[Your task]: The line with "- Выкладка Конкильони: Аккуратно" marks the first line to copy, and the line with "Tři dvoudílné šroubovací" marks the last. Transcribe that stretch of the data below exactly, without pictures.

--------------------------------

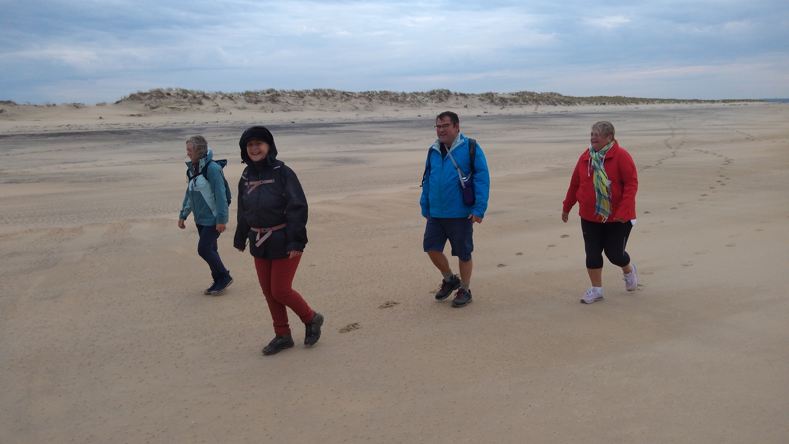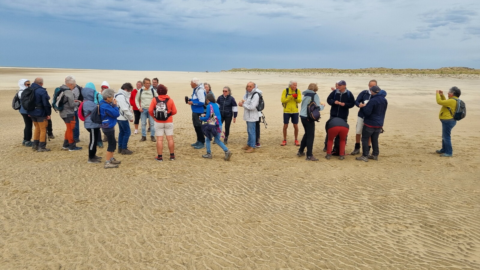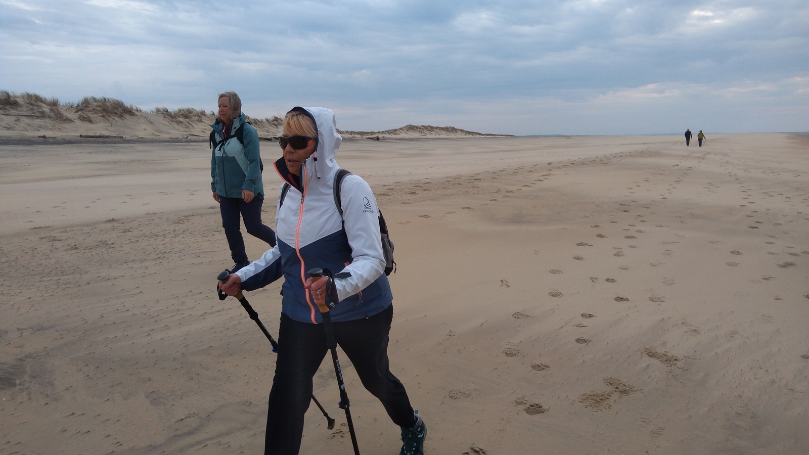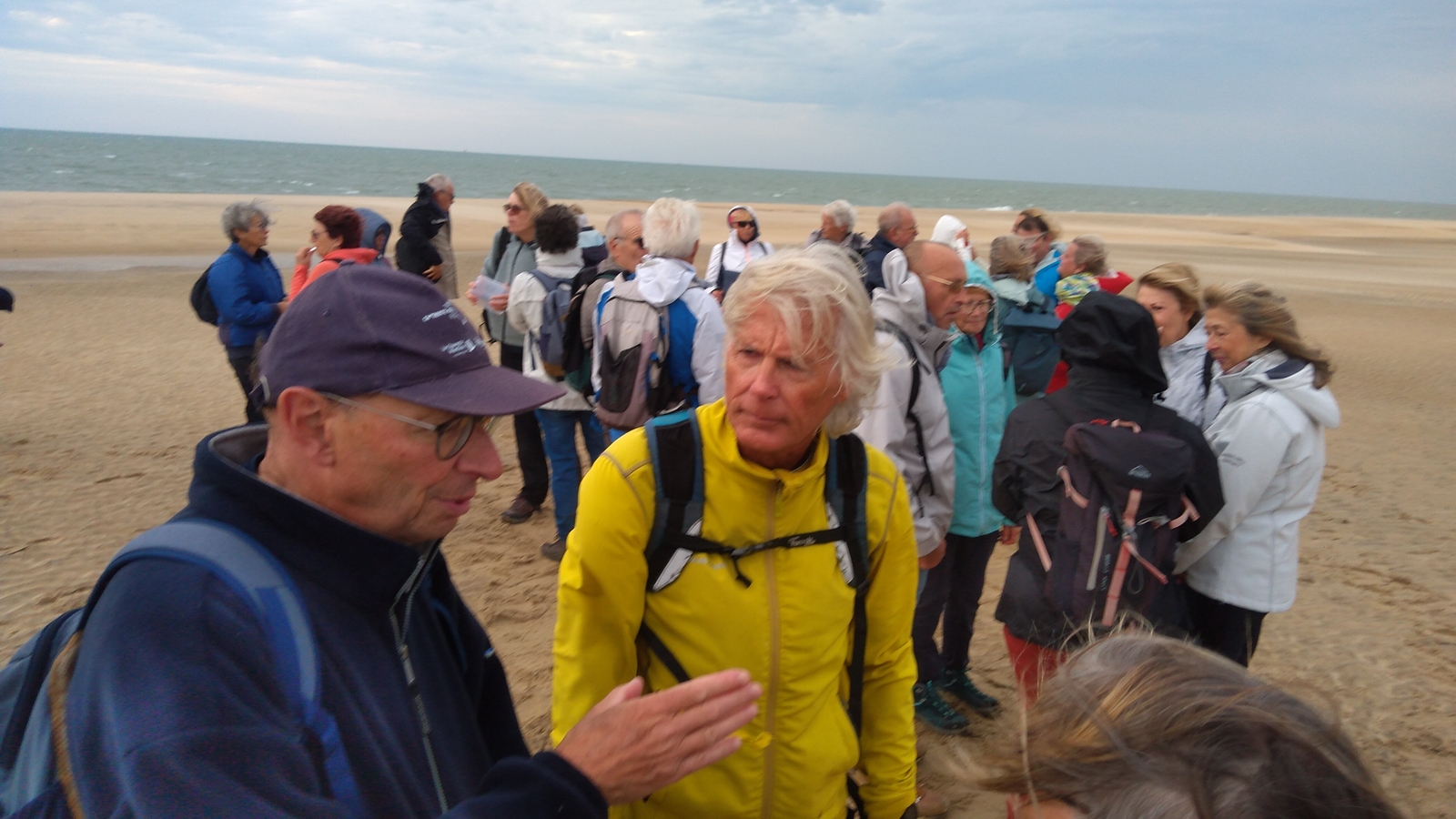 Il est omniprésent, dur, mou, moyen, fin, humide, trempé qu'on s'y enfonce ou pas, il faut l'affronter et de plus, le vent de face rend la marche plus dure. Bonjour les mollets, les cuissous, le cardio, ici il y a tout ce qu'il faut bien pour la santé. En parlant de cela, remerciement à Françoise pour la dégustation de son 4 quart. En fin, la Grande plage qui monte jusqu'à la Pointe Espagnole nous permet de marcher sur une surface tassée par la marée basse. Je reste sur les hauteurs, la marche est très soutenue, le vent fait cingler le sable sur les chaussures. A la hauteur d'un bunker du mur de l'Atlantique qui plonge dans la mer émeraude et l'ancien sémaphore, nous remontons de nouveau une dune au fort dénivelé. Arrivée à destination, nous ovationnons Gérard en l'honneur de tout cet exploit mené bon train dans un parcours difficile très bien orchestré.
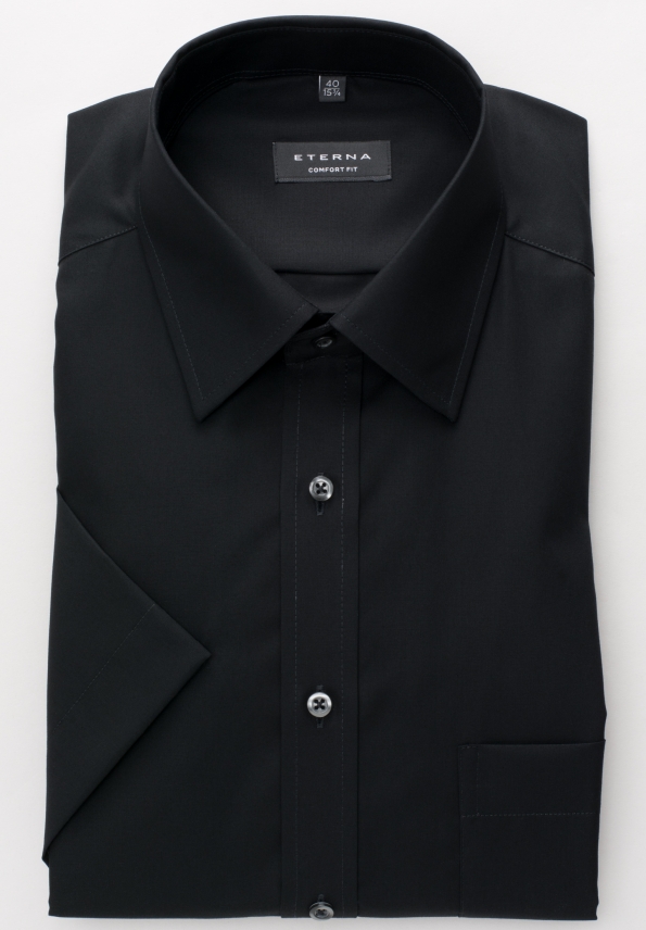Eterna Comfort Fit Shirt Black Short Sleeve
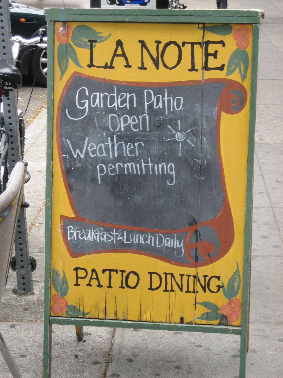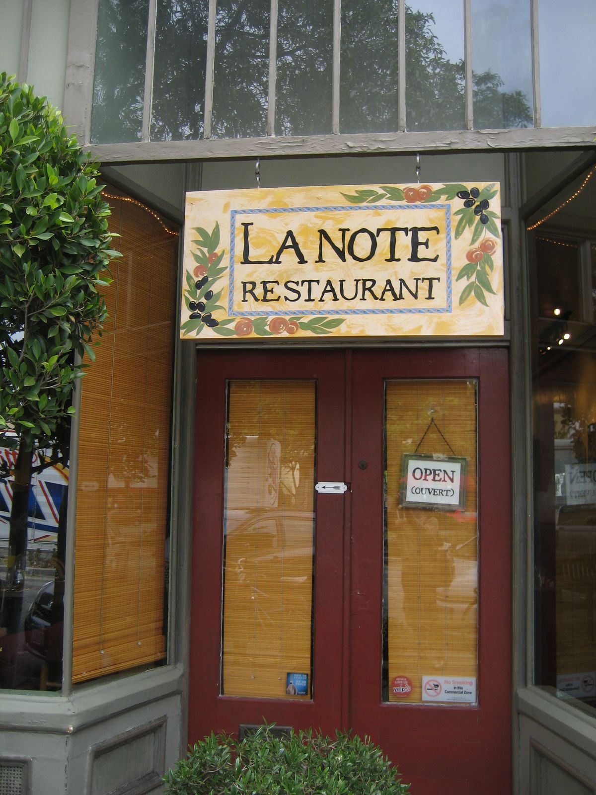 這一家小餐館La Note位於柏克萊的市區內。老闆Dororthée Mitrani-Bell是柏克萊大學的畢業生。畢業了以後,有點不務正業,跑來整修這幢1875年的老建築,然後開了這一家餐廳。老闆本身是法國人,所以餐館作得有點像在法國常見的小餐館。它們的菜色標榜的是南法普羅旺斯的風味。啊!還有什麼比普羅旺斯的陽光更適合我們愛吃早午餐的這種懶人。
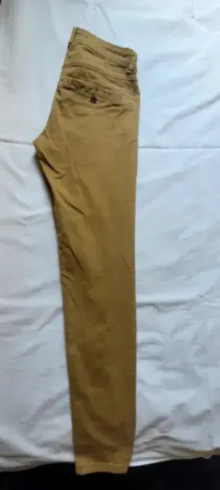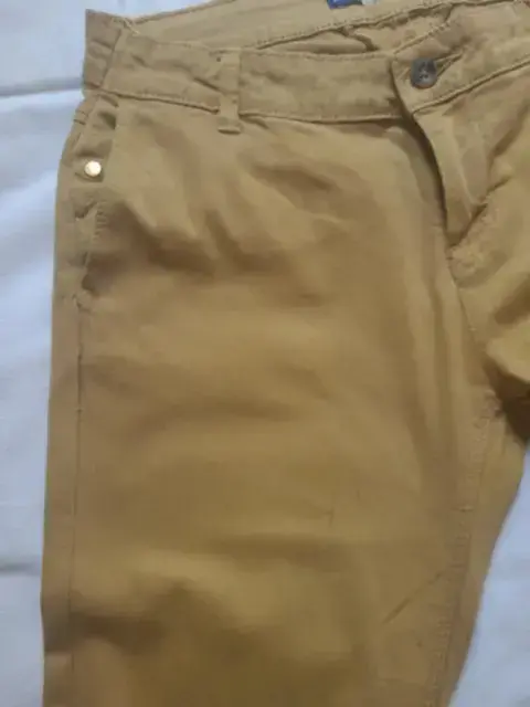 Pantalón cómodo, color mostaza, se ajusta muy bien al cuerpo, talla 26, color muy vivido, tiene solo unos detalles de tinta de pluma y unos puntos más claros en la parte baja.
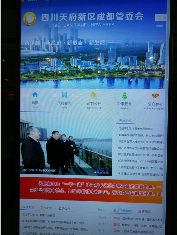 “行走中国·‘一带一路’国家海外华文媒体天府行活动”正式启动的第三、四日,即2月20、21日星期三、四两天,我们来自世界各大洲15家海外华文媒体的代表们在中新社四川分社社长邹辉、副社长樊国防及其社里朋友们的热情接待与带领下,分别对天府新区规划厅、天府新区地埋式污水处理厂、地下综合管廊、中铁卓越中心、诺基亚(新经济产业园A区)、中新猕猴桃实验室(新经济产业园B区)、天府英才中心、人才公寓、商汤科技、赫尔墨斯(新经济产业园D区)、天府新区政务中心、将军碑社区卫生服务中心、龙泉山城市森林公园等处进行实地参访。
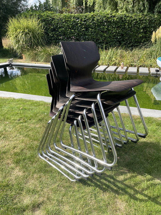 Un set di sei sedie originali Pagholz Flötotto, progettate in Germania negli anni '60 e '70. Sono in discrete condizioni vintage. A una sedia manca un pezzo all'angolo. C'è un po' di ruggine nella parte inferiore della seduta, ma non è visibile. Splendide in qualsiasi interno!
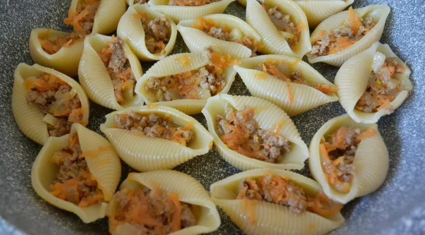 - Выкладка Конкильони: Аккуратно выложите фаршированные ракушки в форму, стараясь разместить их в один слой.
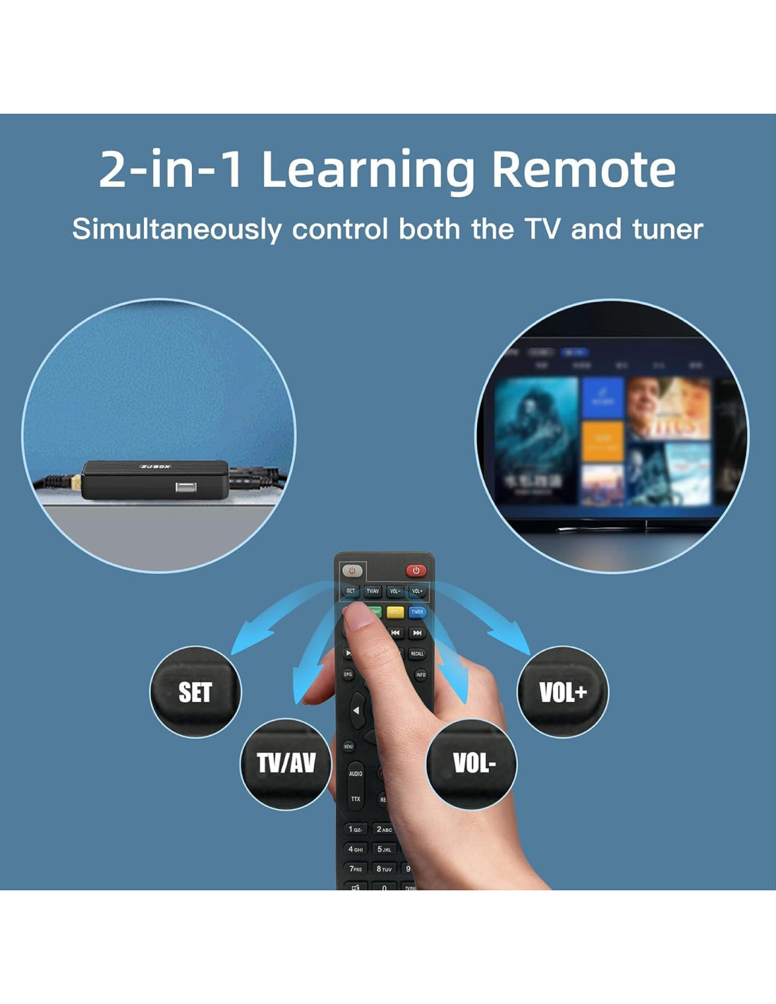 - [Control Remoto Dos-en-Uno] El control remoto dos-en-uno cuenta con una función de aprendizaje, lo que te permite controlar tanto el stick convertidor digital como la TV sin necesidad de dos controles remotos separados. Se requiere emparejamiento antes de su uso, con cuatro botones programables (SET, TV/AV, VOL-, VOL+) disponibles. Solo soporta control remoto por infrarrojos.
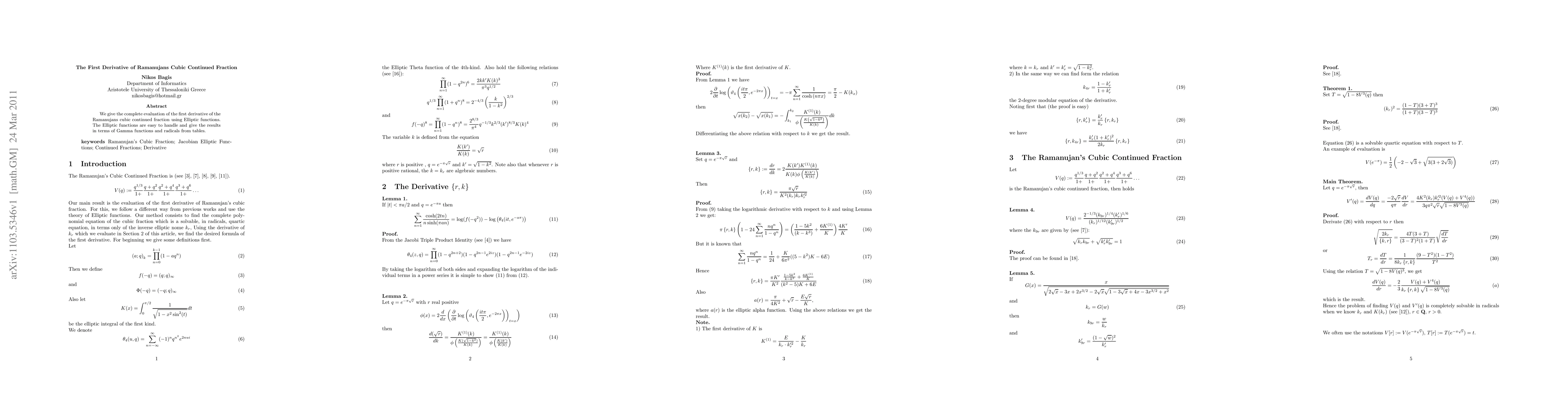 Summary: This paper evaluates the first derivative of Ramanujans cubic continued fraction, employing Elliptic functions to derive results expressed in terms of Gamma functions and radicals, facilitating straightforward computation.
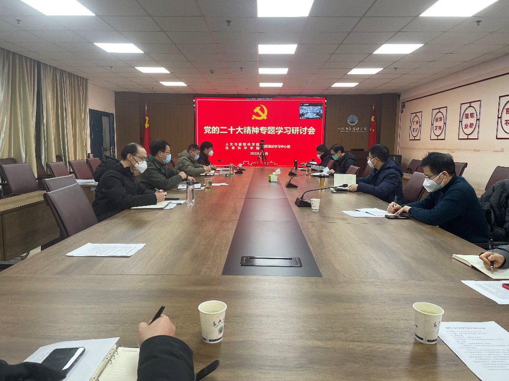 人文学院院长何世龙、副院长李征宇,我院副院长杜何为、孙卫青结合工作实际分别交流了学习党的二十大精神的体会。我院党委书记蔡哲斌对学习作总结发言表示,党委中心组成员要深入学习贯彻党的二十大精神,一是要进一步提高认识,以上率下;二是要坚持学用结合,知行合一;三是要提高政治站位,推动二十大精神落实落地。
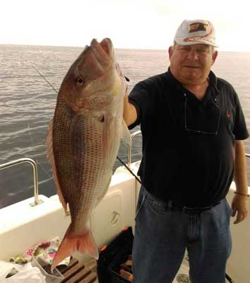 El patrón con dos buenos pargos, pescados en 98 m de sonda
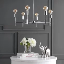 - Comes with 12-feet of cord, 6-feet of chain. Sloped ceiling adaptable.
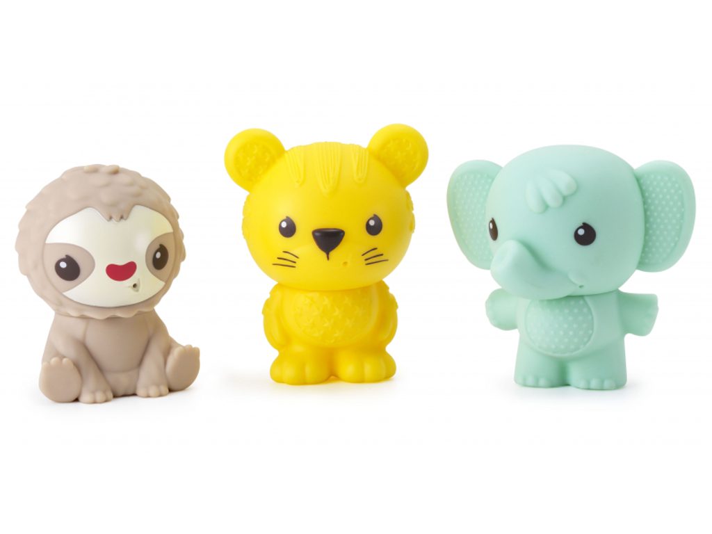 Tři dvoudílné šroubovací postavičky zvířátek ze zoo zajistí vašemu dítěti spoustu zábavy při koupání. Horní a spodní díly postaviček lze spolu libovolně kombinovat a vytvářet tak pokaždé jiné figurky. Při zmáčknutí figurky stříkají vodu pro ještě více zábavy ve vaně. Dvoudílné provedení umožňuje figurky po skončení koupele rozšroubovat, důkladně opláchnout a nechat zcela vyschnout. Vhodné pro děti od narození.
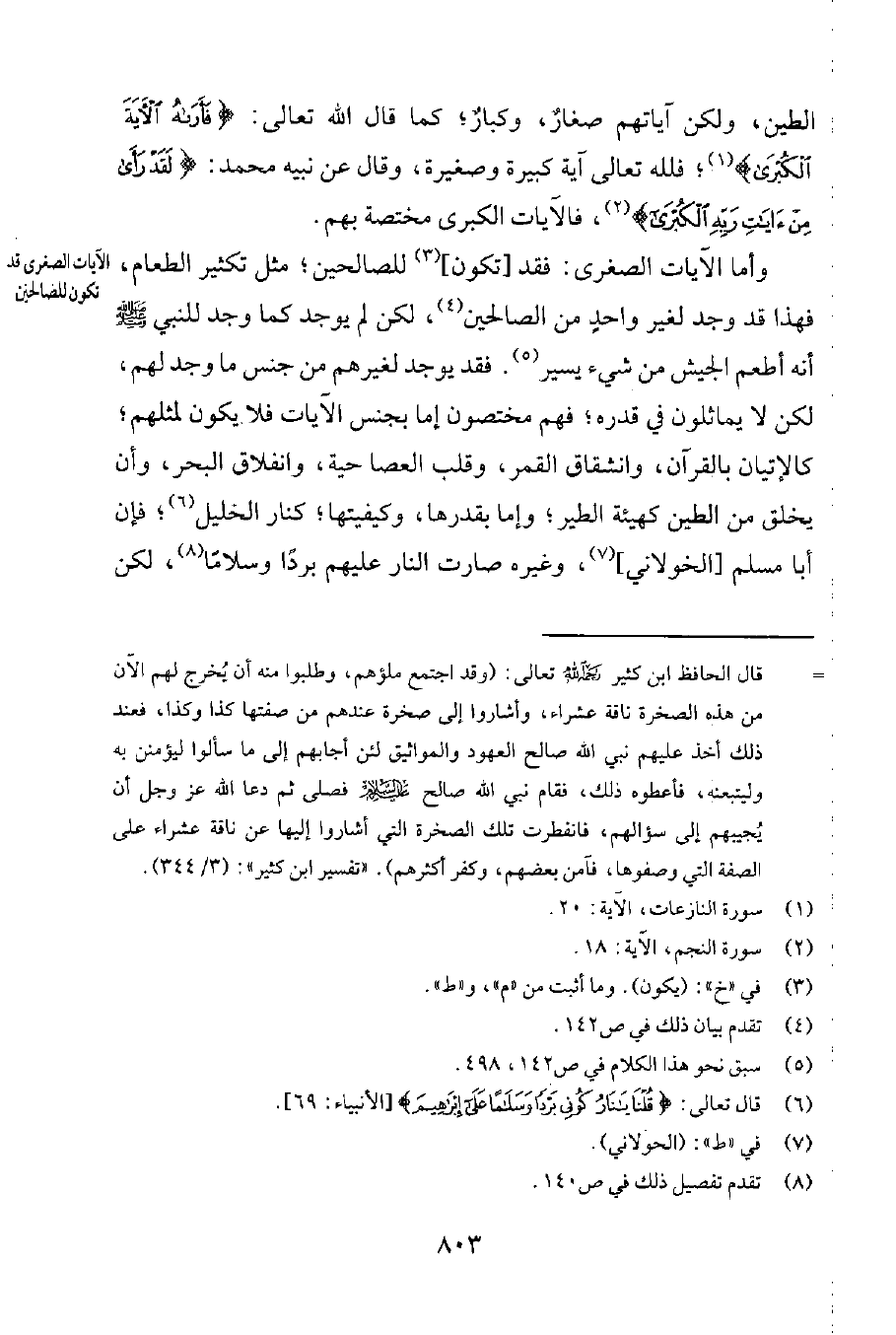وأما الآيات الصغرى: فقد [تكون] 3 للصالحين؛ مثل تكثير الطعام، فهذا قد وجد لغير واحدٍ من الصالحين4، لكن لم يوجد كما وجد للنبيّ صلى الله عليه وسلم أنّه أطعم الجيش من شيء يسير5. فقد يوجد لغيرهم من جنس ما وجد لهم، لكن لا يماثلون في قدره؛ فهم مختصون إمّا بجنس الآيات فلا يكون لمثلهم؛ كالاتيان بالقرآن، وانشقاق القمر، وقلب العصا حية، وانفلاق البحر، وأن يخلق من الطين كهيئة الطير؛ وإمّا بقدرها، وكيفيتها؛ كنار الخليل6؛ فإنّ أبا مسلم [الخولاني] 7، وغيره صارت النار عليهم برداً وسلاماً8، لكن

--------------------------------

[Response area]:
 - Выкладка Конкильони: Аккуратно выложите фаршированные ракушки в форму, стараясь разместить их в один слой.
 - [Control Remoto Dos-en-Uno] El control remoto dos-en-uno cuenta con una función de aprendizaje, lo que te permite controlar tanto el stick convertidor digital como la TV sin necesidad de dos controles remotos separados. Se requiere emparejamiento antes de su uso, con cuatro botones programables (SET, TV/AV, VOL-, VOL+) disponibles. Solo soporta control remoto por infrarrojos.
 Summary: This paper evaluates the first derivative of Ramanujans cubic continued fraction, employing Elliptic functions to derive results expressed in terms of Gamma functions and radicals, facilitating straightforward computation.
 人文学院院长何世龙、副院长李征宇,我院副院长杜何为、孙卫青结合工作实际分别交流了学习党的二十大精神的体会。我院党委书记蔡哲斌对学习作总结发言表示,党委中心组成员要深入学习贯彻党的二十大精神,一是要进一步提高认识,以上率下;二是要坚持学用结合,知行合一;三是要提高政治站位,推动二十大精神落实落地。
 El patrón con dos buenos pargos, pescados en 98 m de sonda
 - Comes with 12-feet of cord, 6-feet of chain. Sloped ceiling adaptable.
 Tři dvoudílné šroubovací postavičky zvířátek ze zoo zajistí vašemu dítěti spoustu zábavy při koupání. Horní a spodní díly postaviček lze spolu libovolně kombinovat a vytvářet tak pokaždé jiné figurky. Při zmáčknutí figurky stříkají vodu pro ještě více zábavy ve vaně. Dvoudílné provedení umožňuje figurky po skončení koupele rozšroubovat, důkladně opláchnout a nechat zcela vyschnout. Vhodné pro děti od narození.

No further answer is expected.